[Clinicopathological study of incidental cancer prostate in patients undergoing surgery for symptomatic diagnosis of BPH]

Actas Urol Esp. 2006 Jan;30(1):33-7. doi: 10.1016/s0210-4806(06)73393-9.
[Article in Spanish]

Abstract

OBJECTIVES-INTRODUCTION: Retrospective study of a series of patients with prostate surgery (suprapubic prostate adenomectomy -APS-, and prostate transurethral resection -RTU-P-) for presumed BPH symptomatic non-respondent to the conservative medical treatment. Analysis of prevalence, incidence, clinical-pathological, treatment, tumor progression and evolution of the patients with incidental prostate cancer (CPI) detected.

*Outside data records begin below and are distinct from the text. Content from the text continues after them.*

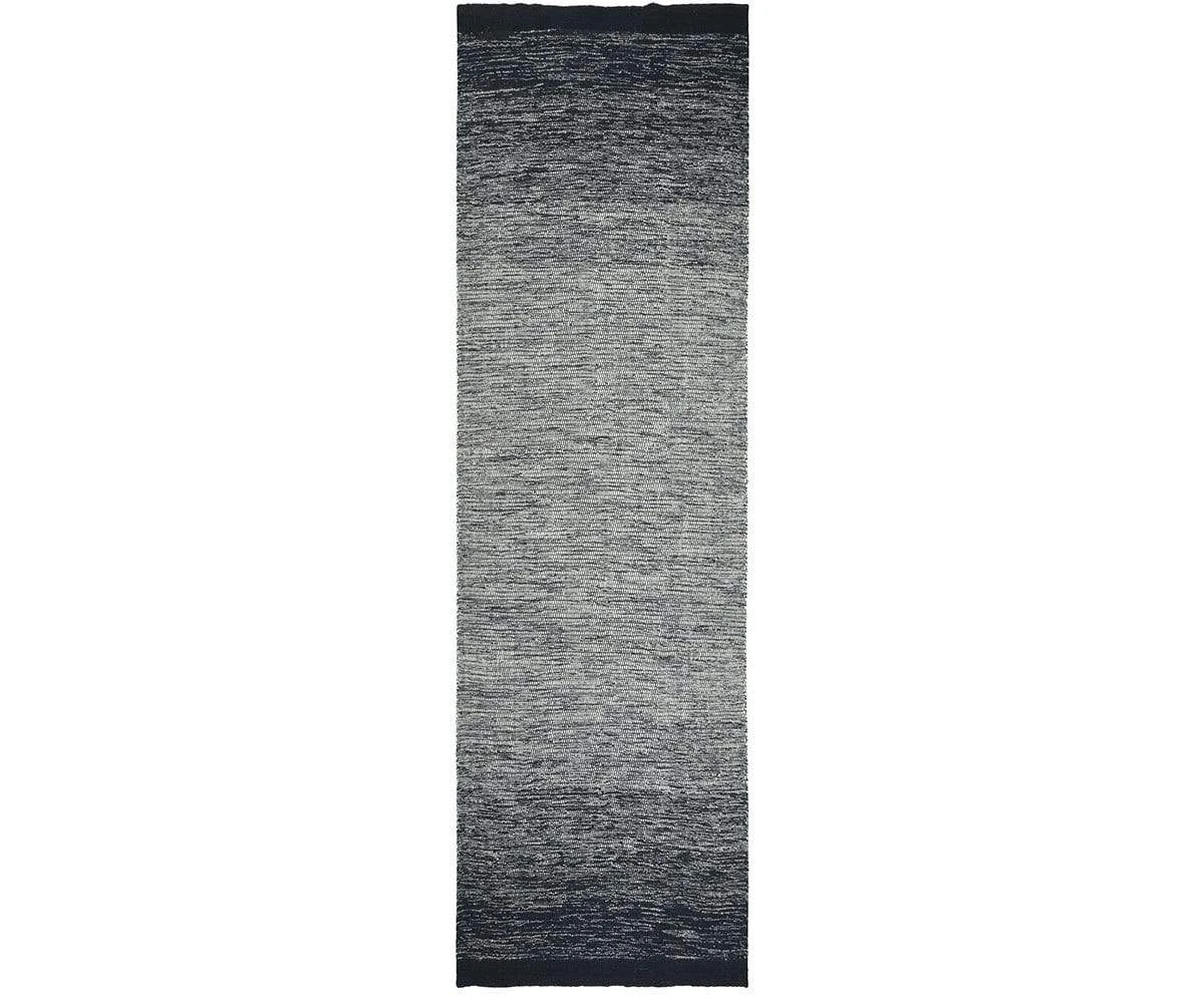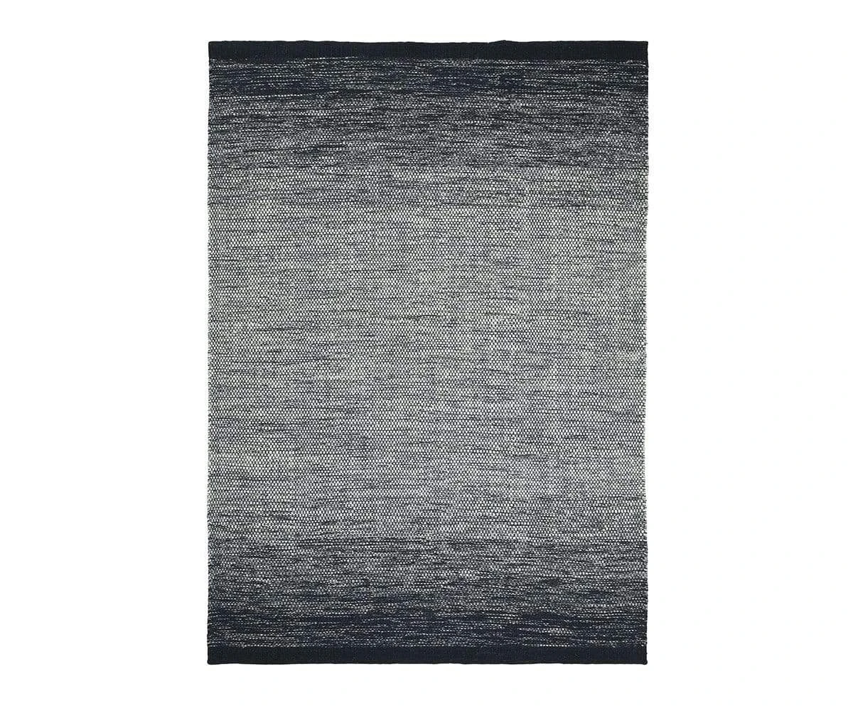 The Darvi Rug features a textured blend of wool and cotton. Artfully handwoven, this rug comes in shadowy tones of black ombre. Darker outer tones slowly merge into lighter ones towards the center of this piece, creating a rug that is as artistic in its design as it is modern. Now available in multiple sizes, this rug can be chosen in a full size to complement an open floor plan and simultaneously enjoyed with a matching runner rug for a hallway or a bedside.
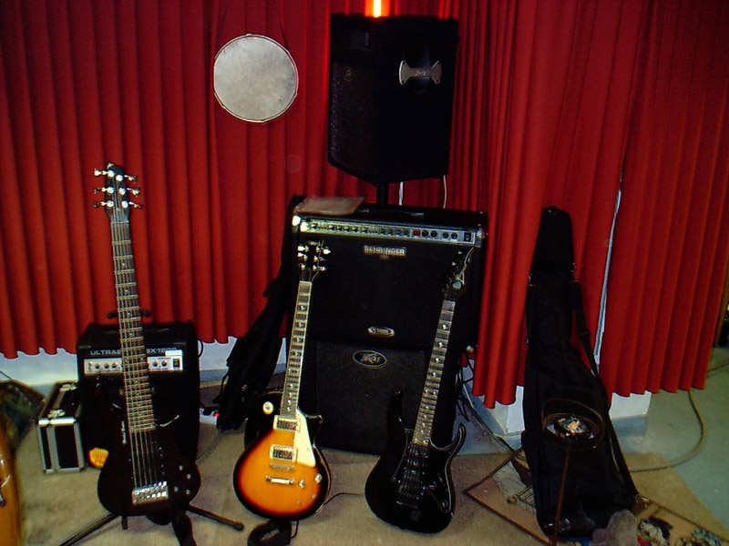 hier mal ein paar gitarren. die schwarze ibanez rechts is meine. der 6-saitige e-bass auf der linken seite is ein ziemliches killer-teil, ma nix für ungeübte B)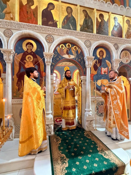 За Литургией архипастырю сослужили настоятель храма, секретарь Администрации приходов Московского Патриархата в Италии иеромонах Амвросий (Мацегора), иеромонах Кирилл (Порубаев) и секретарь председателя ОВЦС иерей Николай Васин.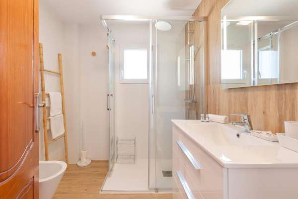 Tiene 2 dormitorios dobles, 1 baño con ducha, salón y 2 terrazas e la planta principal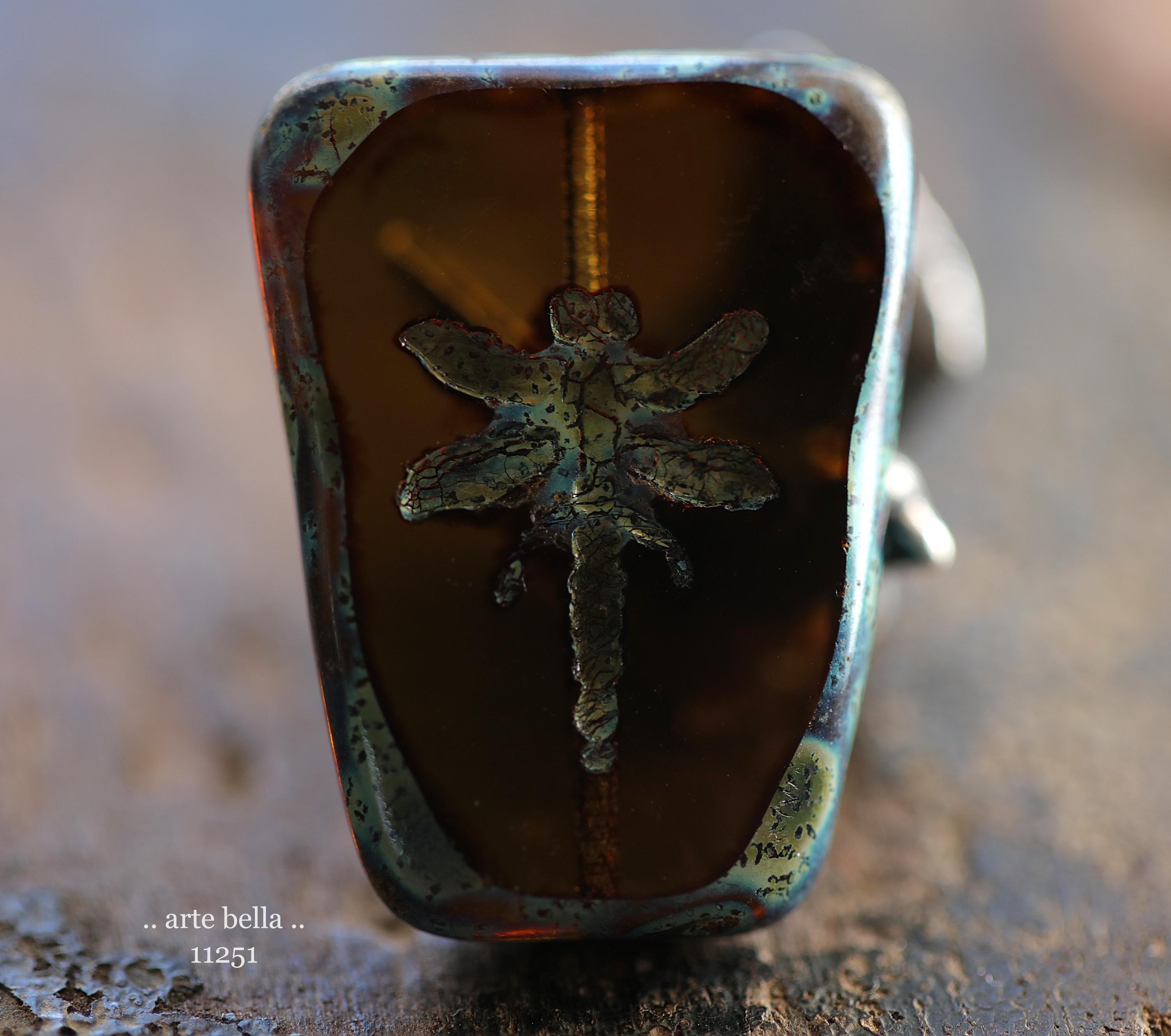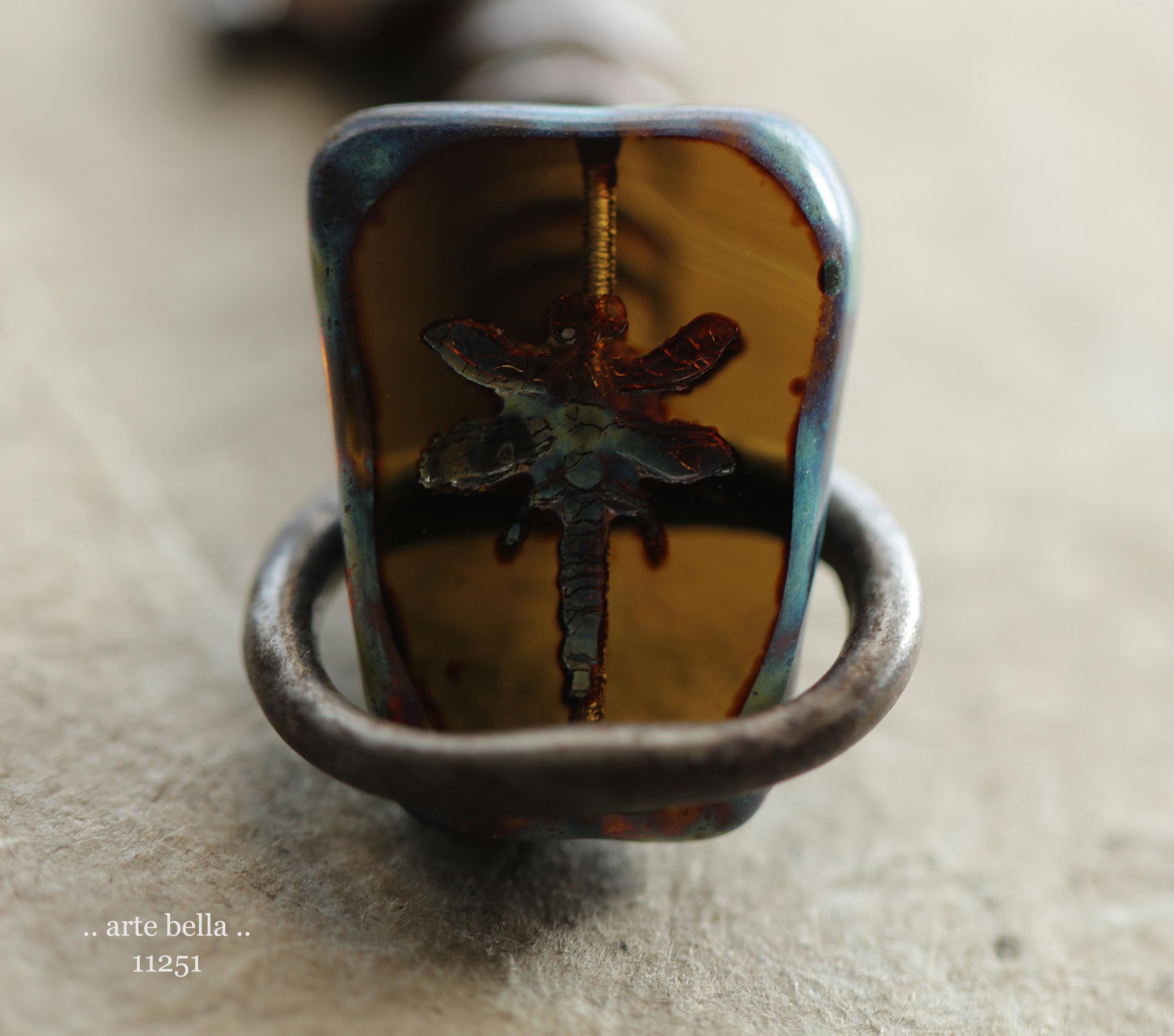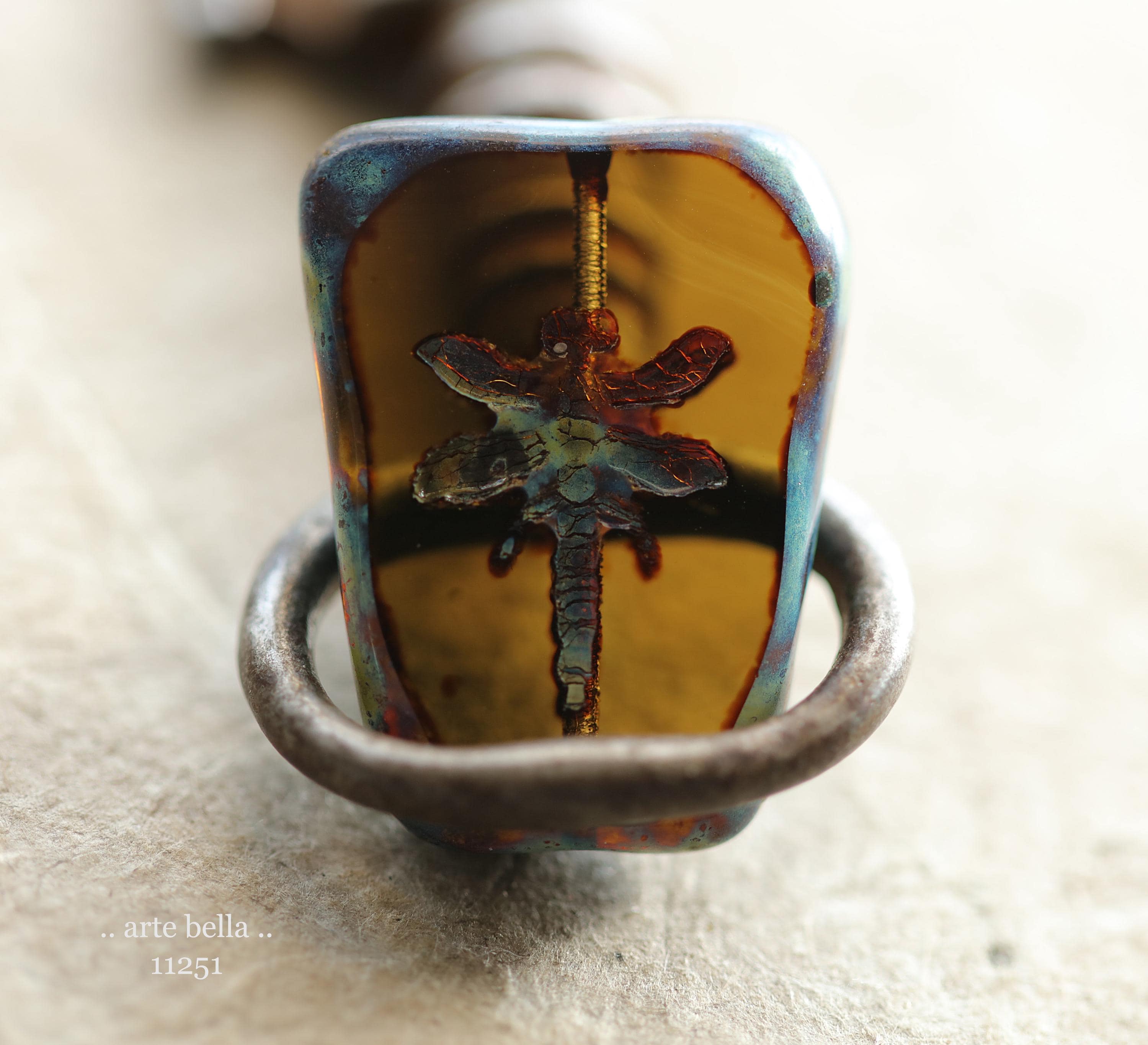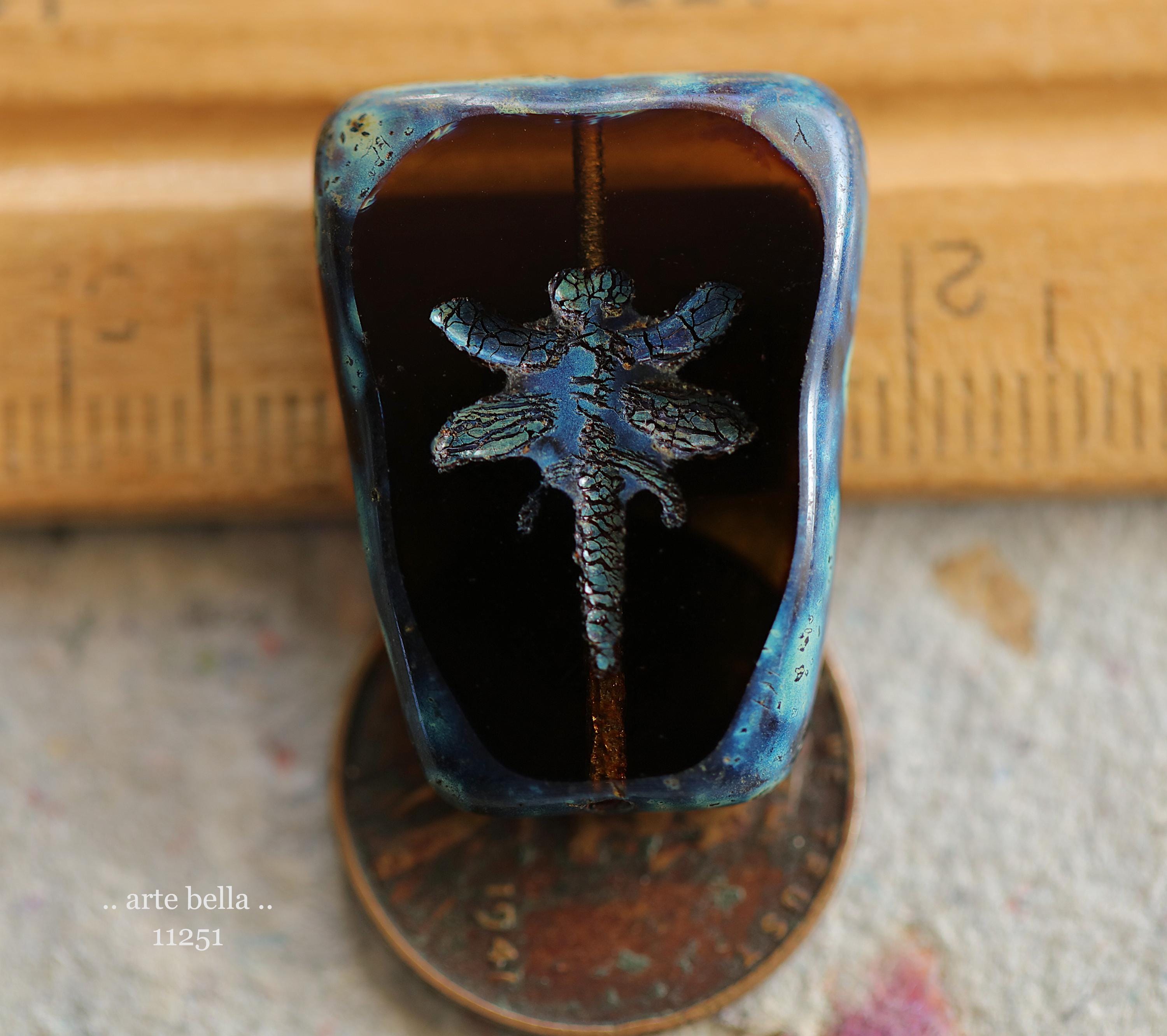 New .. EARTHY SMOKEY TOPAZ Dragonflies .. 2 Premium Picasso Czech Glass Dragonfly Bead/Pendants 28x20mm (11251-2) .. jewelry supplies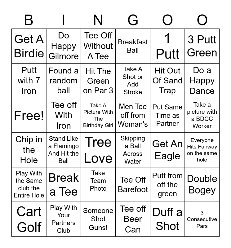 This bingo card has 36 words: Tee Off Barefoot, Take Team Photo, Tee off Beer Can, Putt with 7 Iron, Chip in the Hole, Men Tee off from Woman's, Found a random ball, Someone Shot Guns!, 1 Putt, Putt from off the green, Do a Happy Dance, Breakfast Ball, Double Bogey, Tee off With Iron, Take A Shot or Add Stroke, Get A Birdie, Play With the Same club the Entire Hole, Put Same Time as Partner, Free!, Tee Off Without A Tee, Take A Picture With The Birthday Girl, Stand Like a Flamingo And Hit the Ball, Skipping a Ball Across Water, Tree Love, Get An Eagle, Do Happy Gilmore, Hit Out Of Sand Trap, Play With Your Partners Club, Hit The Green on Par 3, 3 Putt Green, 3 Consecutive Pars, Cart Golf, Everyone Hits Fairway on the same hole, Take a picture with a BDCC Worker, Break a Tee and Duff a Shot.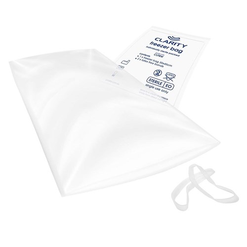 Pack Contents: 100 sterile freezer bags with rubber bands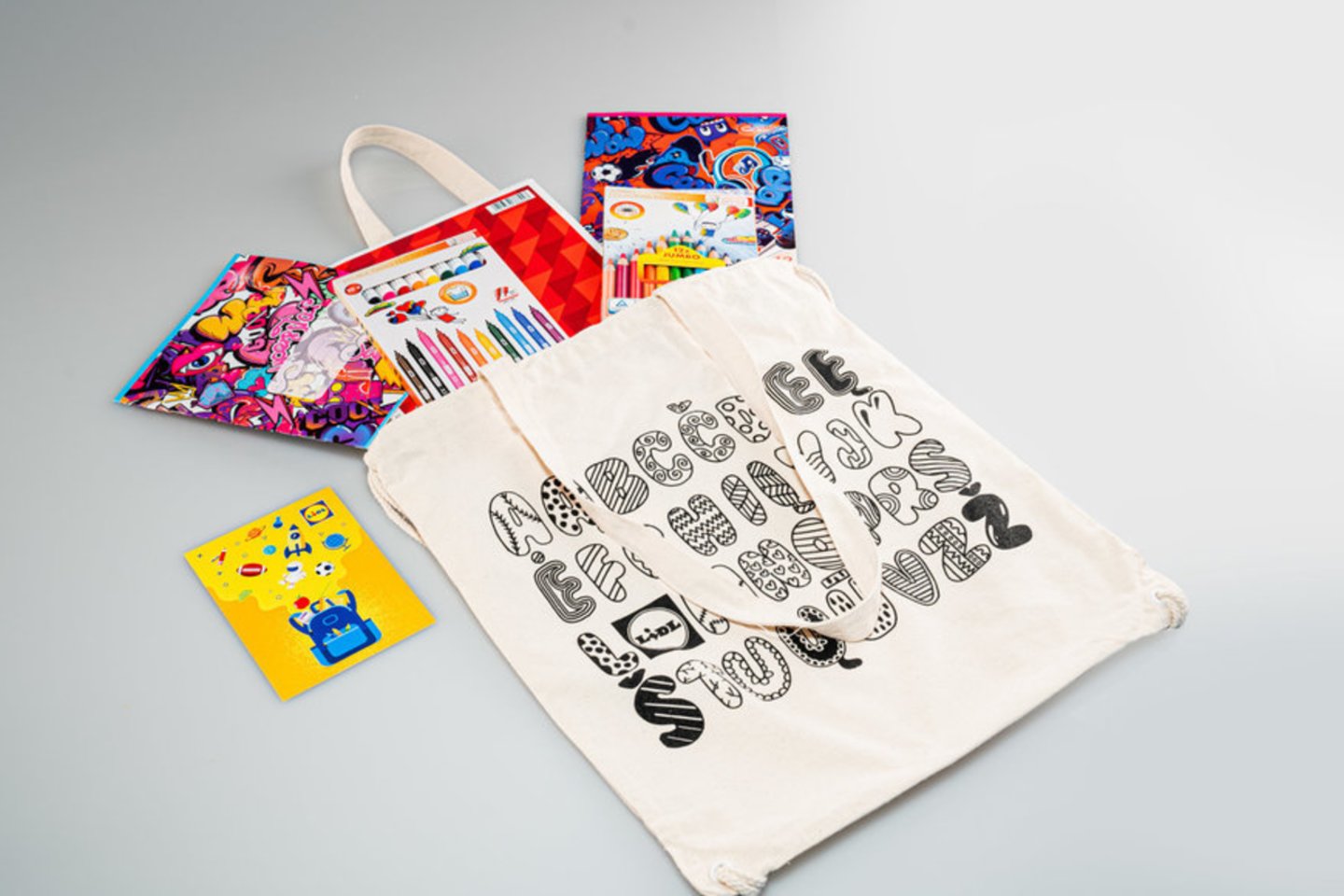 Šiemet mokyklinių dovanų krepšelį sudaro svarbiausios kanceliarinės prekės iš „Lidl“ asortimento: sąsiuviniai, flomasteriai, spalvoti pieštukai, lipnūs lapeliai ir kitos priemonės. Įmonė rūpinasi, kad darbuotojų vaikai būtų pasiruošę mokyklai bei saugūs kelyje – visos šios priemonės sudėtos į atšvaitinį maišelį su užtraukiamomis virvutėmis, kuris padės būti matomiems kelyje.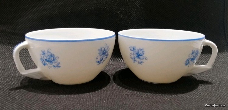 Preço: 7 €Conjunto 2 lindíssimas chávenas chá com singela decoração floral em azul em loiça Sp Coimbra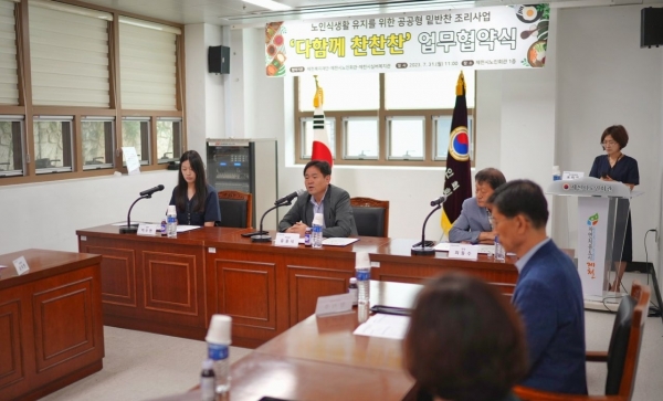 앞서 ‘다함께 찬찬찬’ 사업은 2021년부터 제천시실버복지관에서 시범운영을 통해 그 효과성과 만족도를 입증했고 우리지역 노인의 건강하고 안정적인 식생활 유지와 사회적 고립감을 예방하기 위해 이번 협약을 계기로 세 기관이 실적적인 협력 활동을 통해 적극적으로 추진 해 나갈 예정이다.

Material and methods: 1593 patients with prostate surgery (APS and RTU-P) during 6 years (1996-2001) were revised. APS 35%, RTU-P 65%. Revision of all pathological anatomy of surgical specimens and the evolutions of the patients with CPI.

Results: 78 CPI; Prevalence 4,89%; Incidence 13 cases/year. Mean age 73.6 years. Digital rectal examination was normal in 100%, mean PSA 6 ng/ml (0.5-30). Group APS: 25 CPI (32%); prevalence 4.55%; incidence 4 cases/year; mean PSA 7.7 ng/ml (2.8-30); mean weight resection 65 gs. Group RTU-P: 53 CPI (68%); prevalence 5,07%; incidence 9 cases/year; mean PSA 5.2 ng/ml (0,5-29); mean weight resection 20 gs. 22% biopsy previously by high PSA, mean PSA 14 ng/ml (4,8-30). Gleason average 5 (mean 4.8), rank 3-8. pTla 66%, pTlb 33%.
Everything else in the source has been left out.